清穿之裕妃养崽日常(86)
只是孩子们多敏感啊,或许是察觉到了什么,本该无忧无虑的两个孩子,使出各种法子哄耿意欢开心。
就是弘昼这样调皮的,竟也耐下性子好好同耿意欢学认字。
弘历更不必说了,打小就古灵精怪,这不他想尽各种法子哄耿意欢开心。
“额娘,吃糕糕。”
“额娘,喝奶茶。”
弘历、弘昼一左一右,眨着圆滚滚的大眼睛哄着耿意欢吃东西。
耿意欢眼底泛起淡淡的泪意,把两个奶香奶香的小团子都拥入怀中:“是额娘不好!”
弘历凑近耿意欢耳畔,奶声奶气道:“额娘最好了。”
弘昼蹭了蹭耿意欢的脖颈,嘴里“额娘”“额娘的。”
电火雷鸣间,耿意欢灵台一片清明。
也就是这一瞬,耿意欢才是真真正正想通了。
这些天,她到底在做些什么?自我消耗?自我否定?还带累了两个孩子失了孩童的天真,像个小大人一样照顾她这个有手有脚的额娘。

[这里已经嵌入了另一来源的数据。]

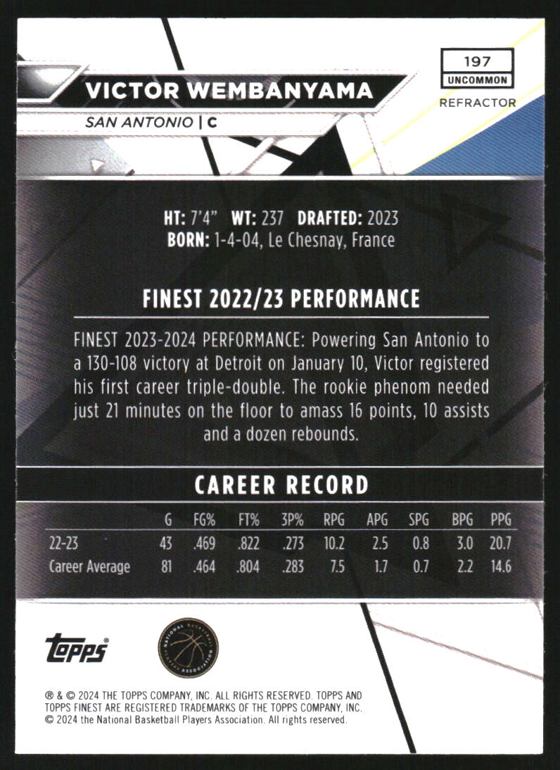 2023-24 Finest Refractors #197 Victor Wembanyama RC Rookie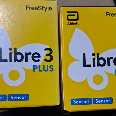 Abbott Libre 3 Plus verensokerianturi (x2), joka on suunniteltu jatkuvaan verensokerin seurantaan.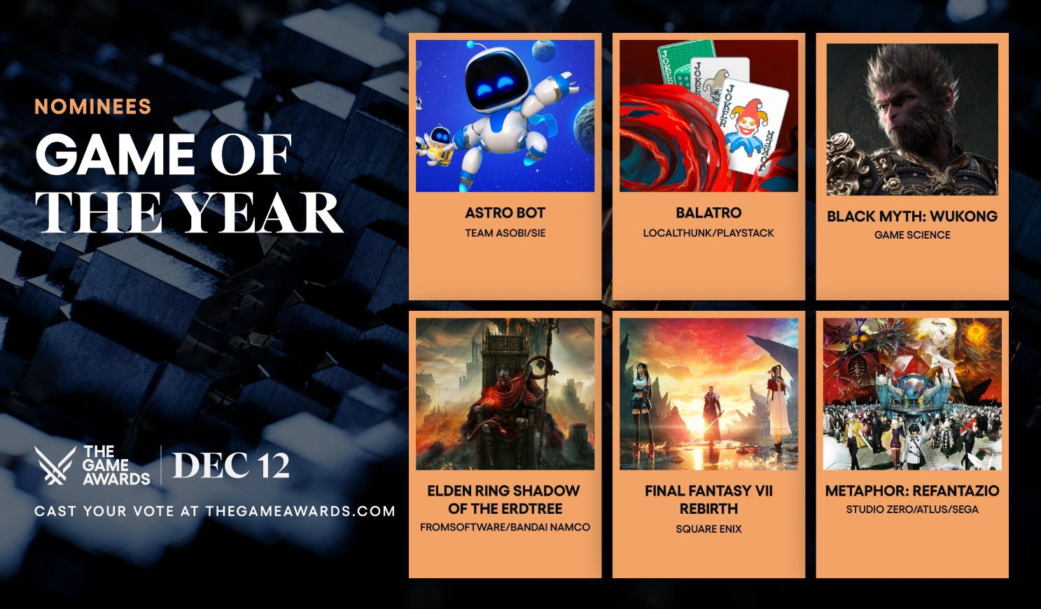 From the list of six nominees for Game of the Year, few would argue with the inclusion of the lovable 3D platformer Astro Bot released in September. Likewise, the inclusion of Final Fantasy VII: Rebirth and Black Myth: Wukong seemed inevitable given their impact and stature.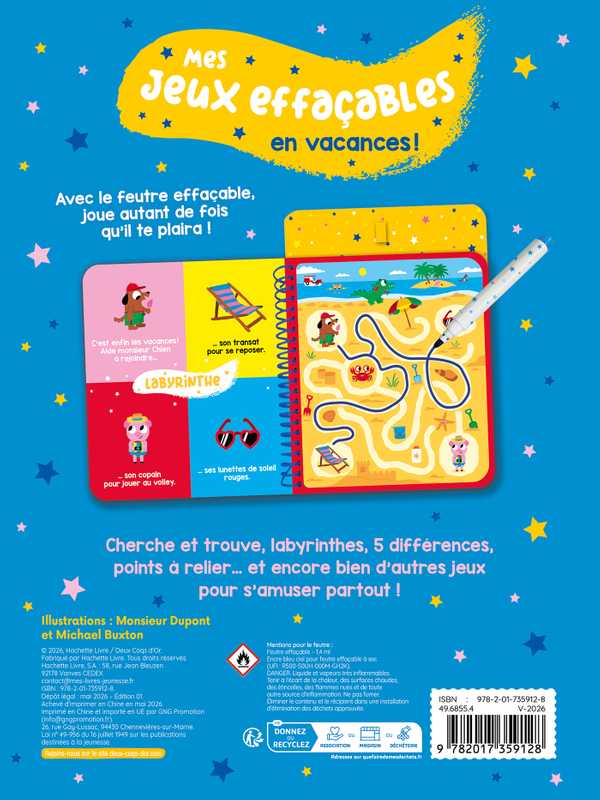 Avec le feutre effaçable, joue autant de fois qu'il te plaira !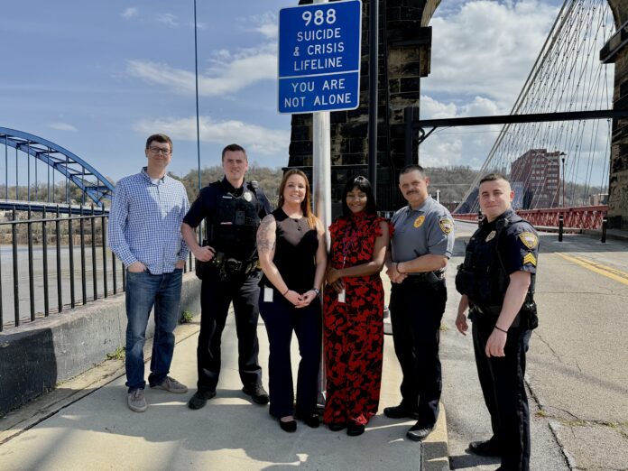 WHEELING, W.Va. — The Wheeling Police Department recently worked together with the West Virginia Division of Highways (WVDOH) to install 988 Suicide and Crisis Lifeline signs on the Wheeling Suspension Bridge and around the I-70 Fort Henry Bridge.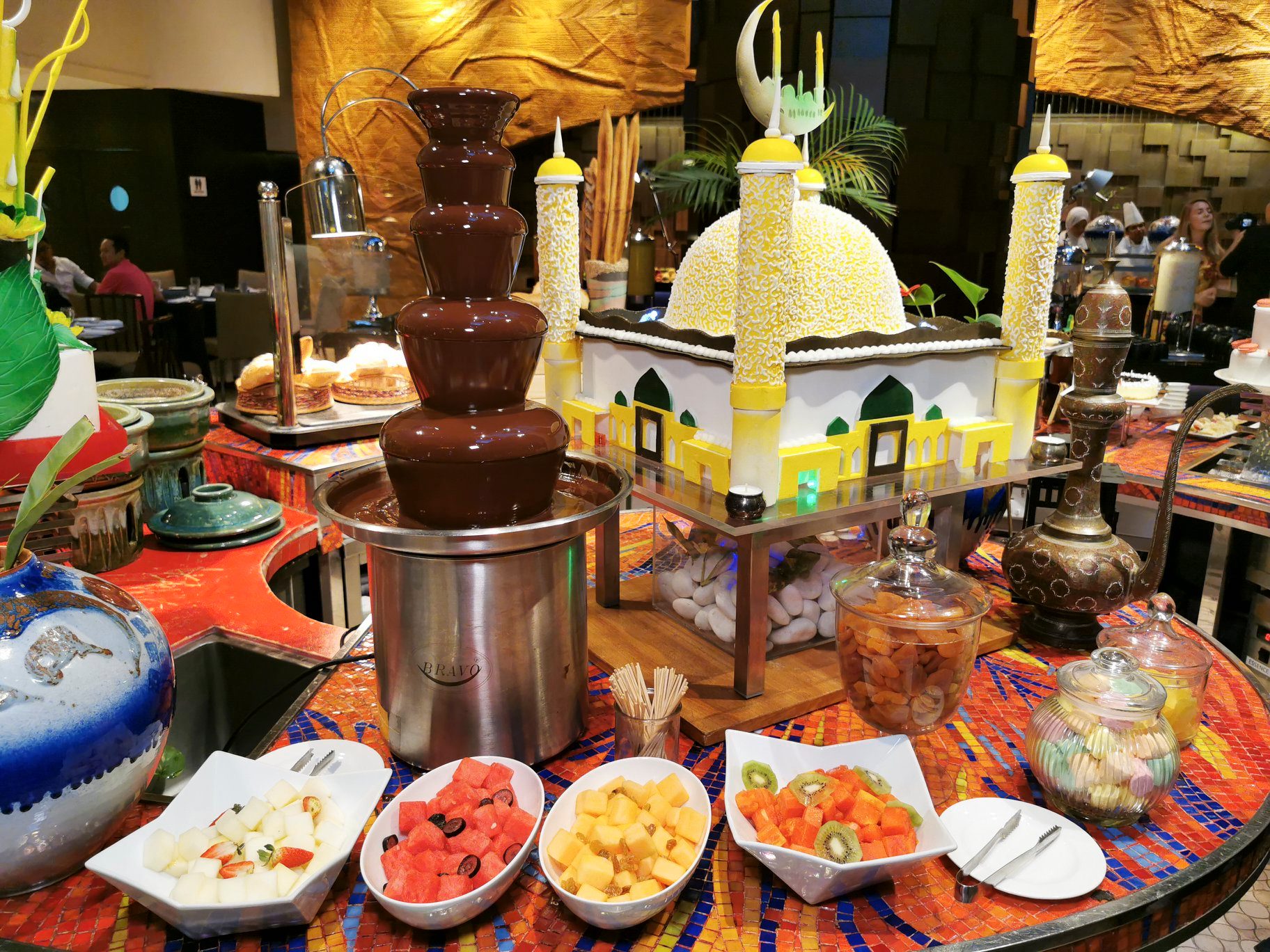 End the meal on a sweet note with desserts such as Exotic tarts, Pudding caramel, red velvet cakes, selected dates, Serawa durian, Chocolate fountain with fruit skewer & assorted marshmallow, Panna cotta, Assorted malay kuih and more.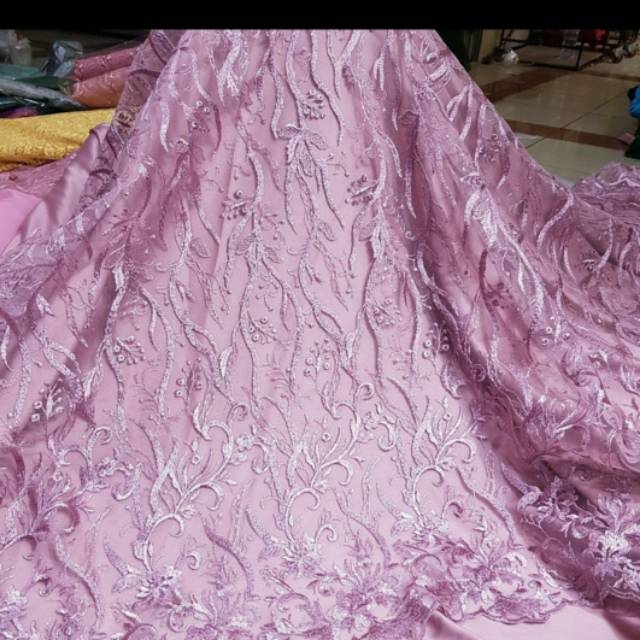 Kain Tile bordir. Tulle akar. Kain brokat bordir. Bahan brukat bordir import. burkat borkat broklat | Shopee Indonesia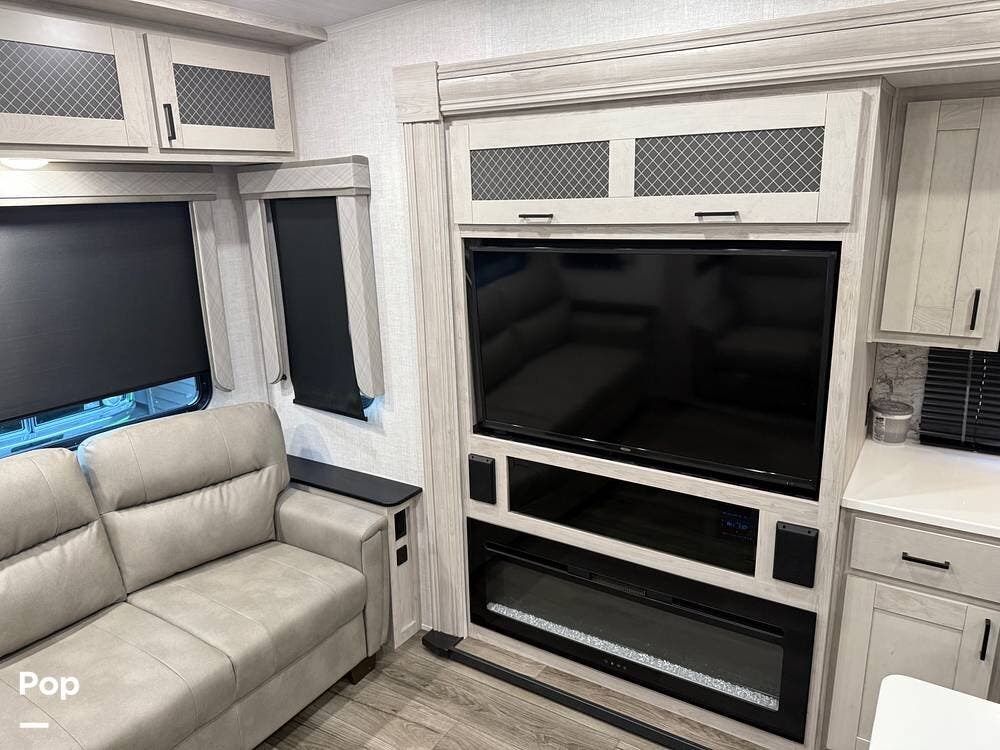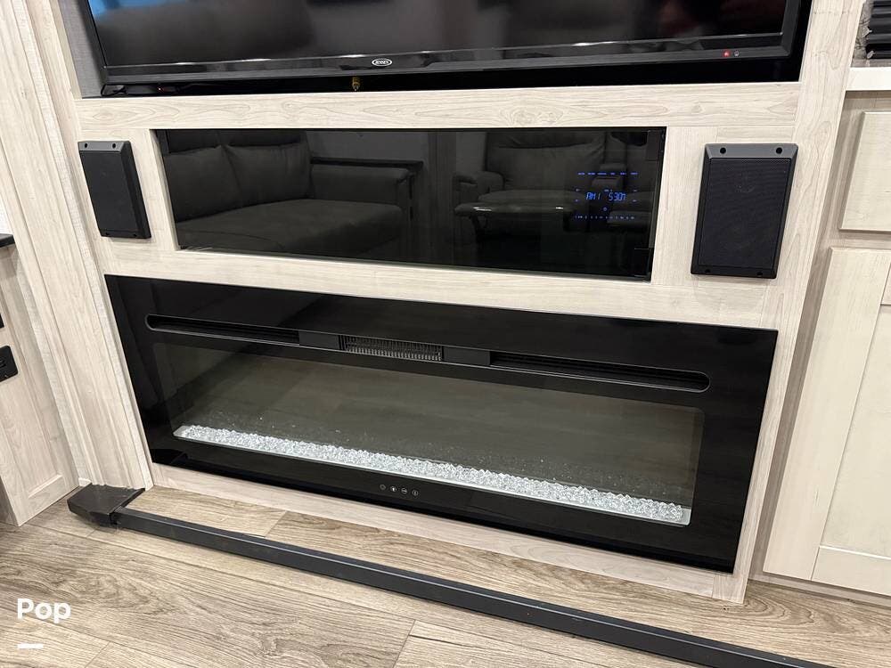 The 2022 Tandara (by East to West RV) 385MB features an inviting rear living area with a hide-a-bed sofa, theater seating, a freestanding dinette, and a TV with fireplace.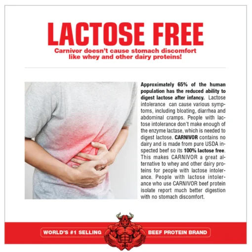 FACT: Nearly 70% of the global population is intolerant to lactose. Milk proteins such as whey and casein contain lactose and are poorly digested by most people, which can cause stomach distress and boating. Carnivor Beef Protein Isolate will resolve any gastric issues you are experiencing from whey and give you the quality protein you need to build muscle.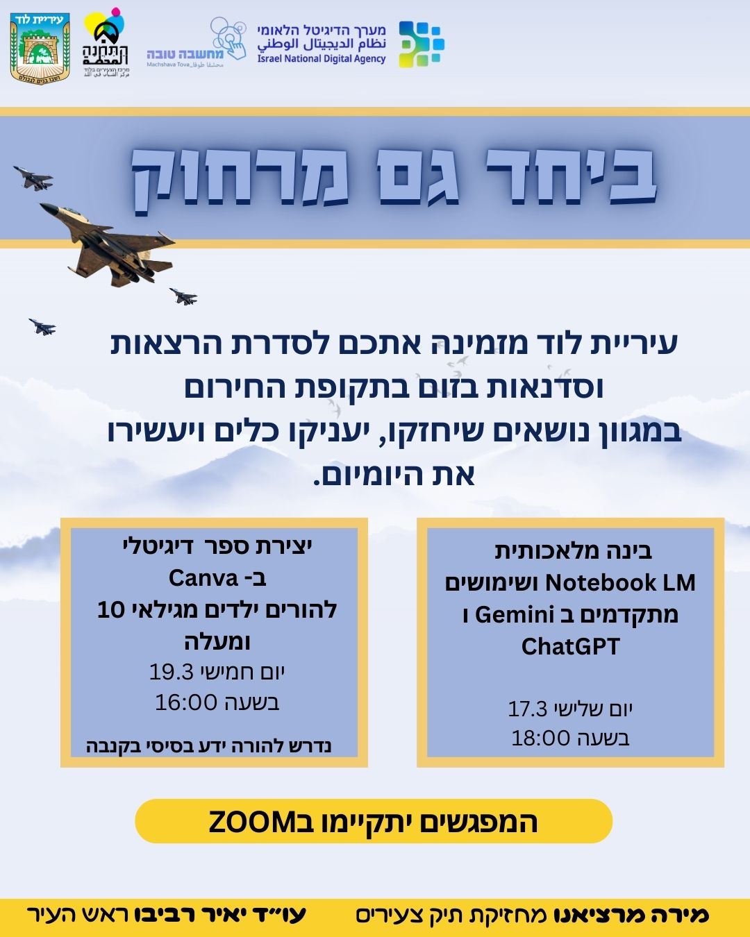 עיריית לוד מזמינה אתכם לסדרת הרצאות וסדנאות בזום בתקופת החירום – במגוון נושאים שיתנו כלים, ידע והפוגה מהמציאות.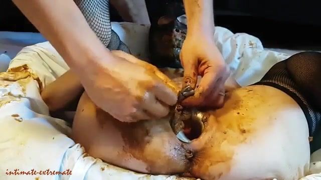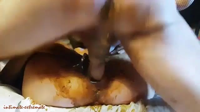 Masked wife that's into scat decides to get fucked hard in missionary after shearing shit on entire body.
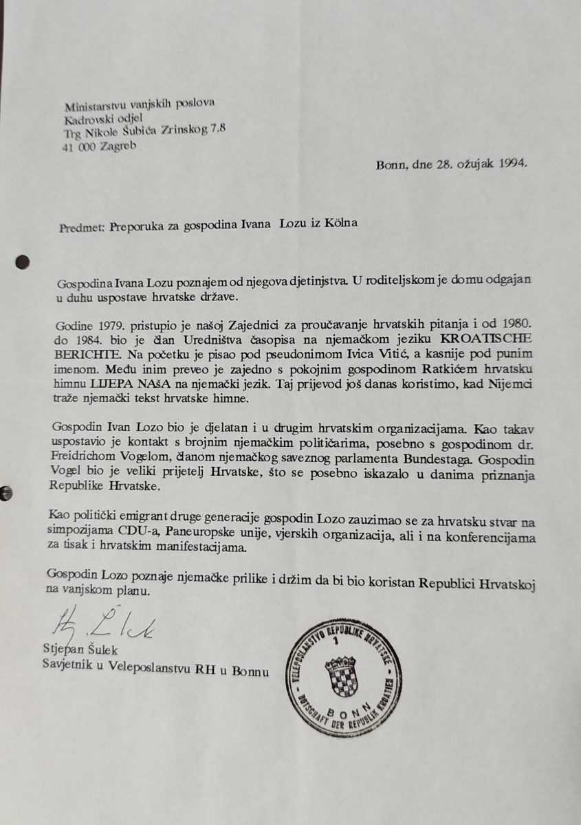 Šulek je svjedok vremena i događaja. Bio je u delegaciji koju sam ja sastavio i u travnju 1982. i predvodio na sastanku sa dr. Vogelom. Također je bio i član delegacije hrvatskih emigranata 1991. na sastanku sa ministrom Hans-Dietrich Genscherom u njegovom kabinetu. Ovdje, zbog povijesne istine nadopunjujem Šulekov prikaz. Naime, nisam ja uspostavio vezu sa dr. Vogelom i političkim Bonnom, već sam tu vezu 1982. samo preuzeo od hrvatskog političkog emigranta dr.rer.pol., dipl.ing. Drage Matkovića te zahvalom dr. Vogela godinama znatno proširio.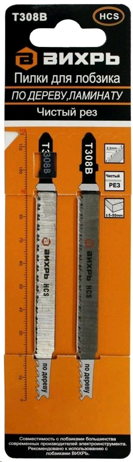 Пилки для лобзика Т308В по дереву,ламинату,чистый рез 116x90мм (2 шт) Вихрь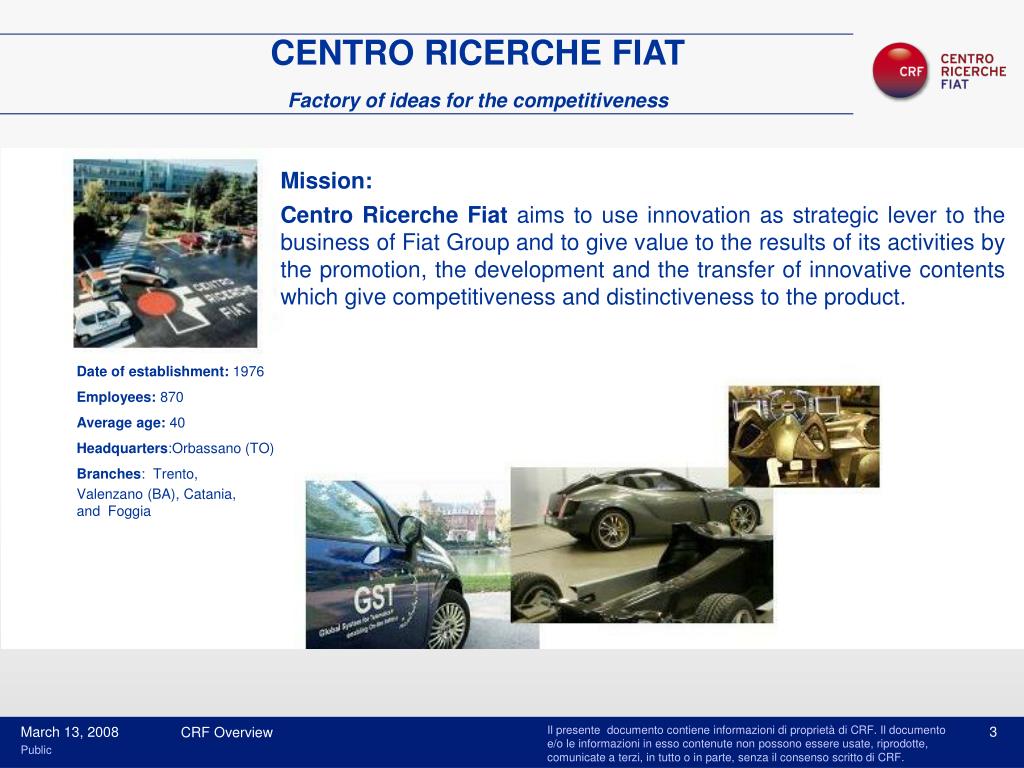 CENTRO RICERCHE FIATFactory of ideas for the competitiveness Mission: Centro Ricerche Fiat aims to use innovation as strategic lever to the business of Fiat Group and to give value to the results of its activities by the promotion, the development and the transfer of innovative contents which give competitiveness and distinctiveness to the product. Date of establishment: 1976 Employees: 870 Average age: 40 Headquarters:Orbassano (TO) Branches: Trento, Valenzano (BA), Catania, and Foggia CRF Overview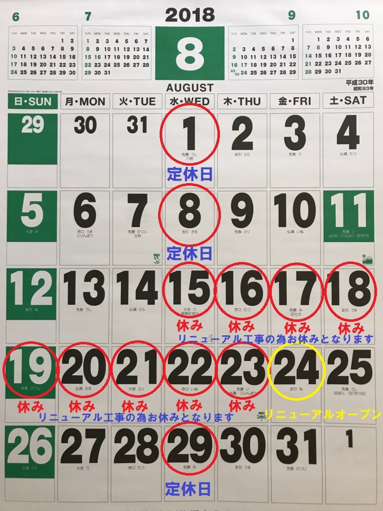 8月の定休日と臨時休業のご案内です ポスト 2018年8月1日 8月お休みは 1日(水) 8日(水) 15日(水) 16日(木) 17日(金) 18日(土) 19日(日) 20日(月) 21日(火) 22日(水) 23日(木) 29日(水) です。 8月15日(水)~8月23日(木)の期間中はリニューアル工事の為「臨時休業」とさせていただきます。 営業時間は 平日 10:00~19:00 (受け付けは閉店30分前18:30まで) 日曜・祝日 10:00~18:00 (受け付けは閉店30分前17:30まで) 8月もお客様のご来店をスタッフ一同お待ちしております。 カテゴリ:お知らせ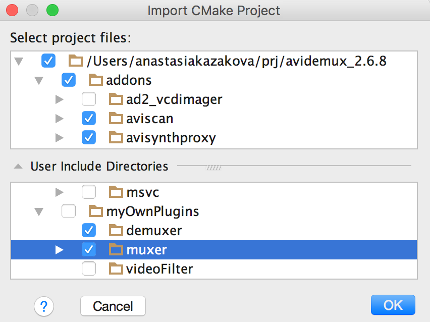 如果您希望手动将目录标记为库或项目源/头文件,或者剔除部分目录(比如来自 CMake 项目结构的独立性),那么您可以使用将目录标记为功能。 这将影响创建索引(比如您可以删除创建索引的过程中产生的建构目录、二进制文件、日志和生成的数据),以及代码生成、重构和导航。 查看更多详情。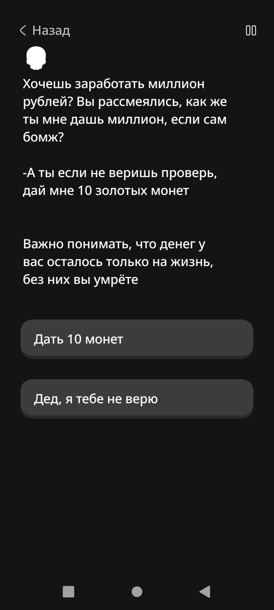 В этом первом посте хотелось бы рассказать кратко о том, что вообще это за программа и что такое текстовые квесты. Текстовые квесты-интерактивные истории, на сюжет которых вы можете напрямую влиять, у вас есть выбор того, как поступить в той или иной ситуации, а зависимости от этого история которую вы "проходите" может закончиться по разному. Конечно на словах это достаточно тяжело понять, проще увидеть: И так, как вы уже поняли каждый вариант развития истории прописывает автор квеста. В сегменте ПК программ для создания квестов хоть отбавляй, на любой вкус и цвет, однако если вы попытаетесь найти программу на Android вы будете разочарованы. Достойных программ мало, а то и вовсе нет. Конечно всё зависит от личных предпочтений, но моё мнение в этом вопросе склоняется к тому, что удобной программы для создания текстовых квестов на андроид нет(в формате конструктора, я знаю про Instead). Я долгое время ждал когда же кто-нибудь создаст такую программу, на подобии Twine, вот скриншот из

什么男人不男人,哪里有小崽崽可人疼,不管从前怎样,弘昼终究是回到了她身边,母子团聚,既然如此她何必为此耿耿于怀?伤害不了罪魁祸首,来伤害自己,岂不很可笑?
若当真能让雍亲王吃个教训也算,偏自己也好,弘历、弘昼为好都还指望着这位呢。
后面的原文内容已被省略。